混乱と恐怖でどうにかなってしまいそう。それに、息が出来ない。苦しい……。
「すまない」
そのとき唇が解放され、ようやく息が出来るようになった。
「すまない、ミオ」
すぐ目の前にある皇太子殿下の瞳は、冷え冷えとしているのにどこか激しさも感じられる。
怖い……。
これほどの恐怖を感じたことがない。
声を、何か言おうとするけど、震えるばかりで唇は開こうとしない。
彼の手が、乗馬服の上着の襟をつかんだ。乱暴にひっぱられ、その拍子にボタンがいくつかはじけ飛んだ。

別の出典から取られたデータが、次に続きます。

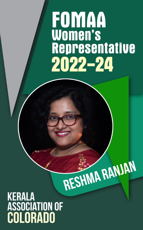 കൊളറാഡോ: ഫോമാ 2022 – 24 കാലഘട്ടത്തിലേക്കുള്ള കമ്മറ്റിയുടെ വനിതാ പ്രതിനിധി സ്ഥാനത്തേക്ക് കേരള അസോസിയേഷൻ ഓഫ് കൊളറാഡോയെ പ്രതിനിധീകരിച്ച് രേഷ്മ രഞ്ജൻ മത്സരിക്കുന്നു.

恐怖のあまり、彼の瞳を見ていられない。だから、瞼をぎゅっと閉じた。凶行とも言える乱暴に、涙があふれてきて目尻から流れ落ちて行く。
「エ、エド、エドモンド……」
震える唇からその名がもれた。なぜか、エドモンドの顔が瞼の裏に浮かんだ。
そのとき、彼の暴力が止まった。恐る恐る瞼を開けると、打ちのめされたような彼の表情が見えた。
その瞬間、鈍い音がしたかと思うと急に体が軽くなった。
「やめろっ!彼女を傷つける奴は、たとえ兄さんであっても許さないっ」
その怒鳴り声とともに、エドモンドの顔がすぐ目の前に現れた。そう認識したと同時に、彼がやさしく肩を抱いてくれ、上半身を起こしてくれた。
「ミオ、大丈夫か?すまない。ぼくはいつもそうだ。きみを守りたいのに、かんじんなときに守れない」
何度も体験している、彼のあたたかみ。
わたしはいま、たしかにエドモンドの胸の中にいる。彼の胸に顔を埋め、すがりついてしまった。
「ミオ、怖がらせてしまった。すまない」
わたしの頬をなでながら、彼は何度も謝っている。
そのとき、彼の拳が赤くなっていることに気がついた。
血、だわ。
「エド、これで二度目だ」
皇太子殿下の静かな声が流れて来た。それを、エドモンドの胸の中できいた。
「厩舎の事件のときに言ったよな?彼女を危険にさらし、不安や恐怖を抱かせたことがおまえの罪だ、と。彼女のことを想うなら、おまえは彼女とおれを二人きりにするべきではなかった」
「ああ、そうすべきじゃなかった。兄さん、あなたよりもよくわかっている」
エドモンドの胸の中で、彼が泣きながらそう言っているのをきいている。
「だったら、二度と彼女をほかの男と二人きりにするな。二度と、彼女を危険にさらすな。不安や恐怖を抱かせるな」
皇太子殿下の忠告に、エドモンドは何も答えなかった。
「くそっ、エド。おまえ、思いっきり殴ったな?口の中と唇が切れたぞ。半面が腫れるだろう。なんとごまかすか、かんがえておかねば……。ミオ、乱暴をしてすまなかった。ああでもしないと、出来の悪い弟は兄に対して本気で立ち向かえないからな。エド、彼女はおまえを選んだ。おれは、フラれたよ。だが、おまえが彼女を守りぬけず、しあわせに出来ないのなら、そのときには遠慮なく奪い取ってやる。おれだけではない。トラパーニ国のランベールもいるぞ。彼と同盟を組んででも、おまえから彼女を奪ってやるから、覚悟をしておけ」
「兄さん……」
エドモンドのその言葉を最後に、意識が飛んでしまった。